All possible Combination of factors of a data frame

yellowcab74 · February 5, 2024, 2:59am

I'm trying to figure out the simplest way to do the following. I have a data frame df with colnames(df) <- c("A", "B", "C", "D", "E") where all the variables are encoded as factors. I want to find all possible combinations of this data frame.

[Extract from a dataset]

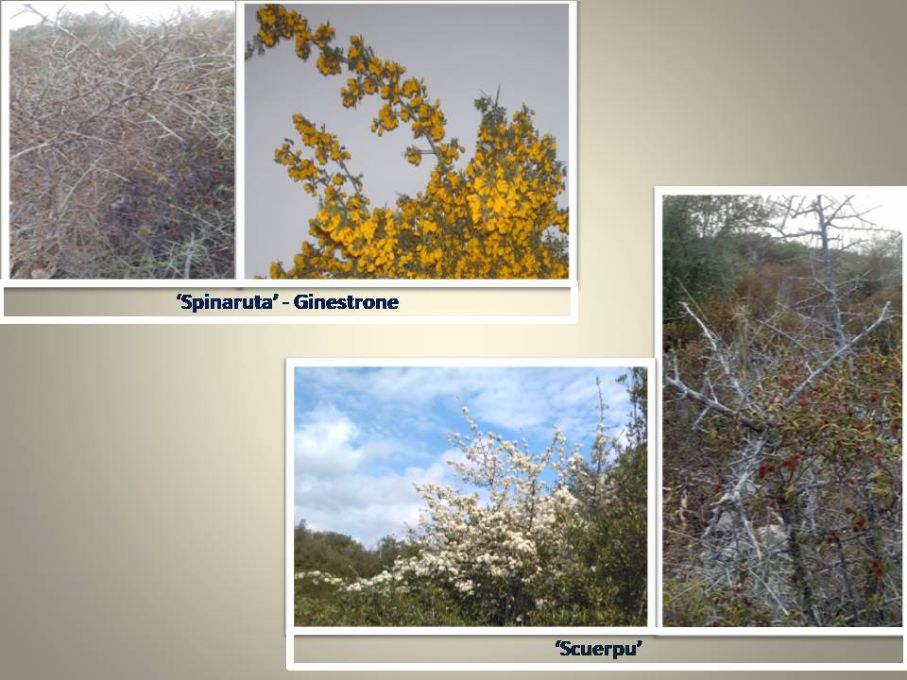 La ‘spinaruta’ è identificabile con la ‘Calicotome infesta’ o ‘Sparzio spinoso’. È un arbusto che vive spontaneo nelle zone macchiose e fiorisce tra marzo e maggio. Il nome dialettale ne coglie l’aspetto fortemente spinoso. È conosciuta anche come ‘ginestrone’.

For example, the number of all possible combinations of "df" = 2^5-1=31 and will include data frames with the following column names
"A", "B"
"A", "C"
"A", "D"
"A", "E"
"A", "B", "C"
etc., with the last data frame being "A", "B", "C", "D", "E"
Is there a package to combine all these subsets in one large data frame?
Thanks

FJCC · February 5, 2024, 4:07am

I don't understand how you want to combine data frames with varying numbers of columns. I think the following code makes a list of the 31 individual data frames that you want to get.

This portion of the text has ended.